|
Honolulu Lite
Charles Memminger
|
Wikiwiki, wacky, wacky Waikiki
It is widely alleged that I rarely leave my ZIP code. I find the allegation hurtful and resent it with nearly every fiber of my being. (I took a poll of all of the fibers of my being, and they all resented the allegation except for a single cotton fiber wedged under a toenail and a flannel fiber lodged in my belly button.) I don't necessarily disagree, I just resent it.
So, I spent last weekend in Waikiki, which should quiet those critics who think I am geographically challenged.
I was taking part in a fund-raiser for the Hawaii Women's Legal Foundation at the Hilton Hawaiian Village, an enterprise that gave me the opportunity not only to dress up like a gypsy and make a fool of myself onstage, but to go undercover as a tourist for a few days. I don't consider myself a rube, but I have to admit that I was surprised at some of the changes that have occurred since the last time I hung out in Waikiki, which I think was during the Ariyoshi administration.
Here are a few observations from behind the tourist lines:
» Limousines are now officially the longest vehicles on the planet. I saw one white limo that stretched from Fort DeRussy to the Royal Hawaiian Hotel. You apparently board the limo in the rear and are transported toward the front of the vehicle by a set of pulleys and a trolley seat. You get out of the front door and find yourself in a completely different area of Waikiki with the limousine itself never leaving the curb. A stretch Humvee limousine offers the same service, but you and your spouse enter the truck wearing matching aloha attire and exit out the front 20 minutes later in battlefield fatigues and Kevlar vests.

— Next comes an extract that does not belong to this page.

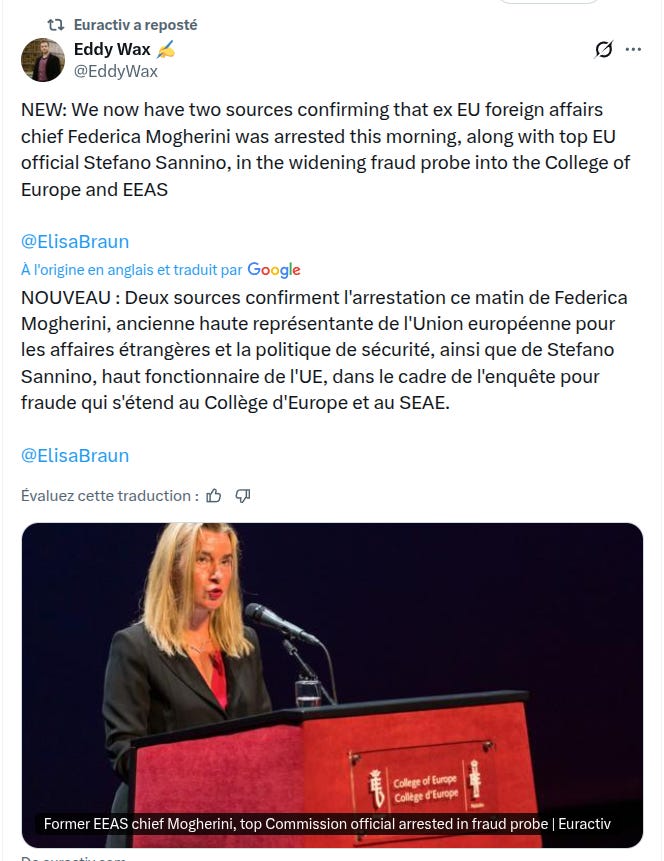 Federica Mogherini, the former High Representative of the European Union for Foreign Affairs—now conveniently serving as the rector of the College of Europe (an ‘elite factory’ in the mold of the French ENA, pumping out tomorrow’s EU mandarins)—has been taken into police custody. She is not alone. Three other individuals are also in the hot seat as part of a sprawling investigation into a smorgasbord of charges: “fraud in the awarding of public contracts, corruption, influence peddling, and violation of professional secrecy.”

» The price of shrimp in Waikiki apparently is tied by a legislative "shrimp cap" to the price of shrimp in selected shrimp-producing regions such as Lawrence, Kan., Irkutsk and Burkina Faso (formerly Upper Volta). Ordering a single shrimp at an outdoor cafe causes visitors at neighboring tables to stand and applaud, camera flashes to light up the sky and a certificate of appreciation to be delivered to your table by a representative of the Hawaii Tourism and Convention Bureau. A financially well-heeled tourist on my hotel floor apparently ordered an entire shrimp cocktail via room service, which caused the floor to be locked down by a fully armed SWAT team. It was whispered that the gratuity from that order alone could have bankrupted a small country (Burkina Faso).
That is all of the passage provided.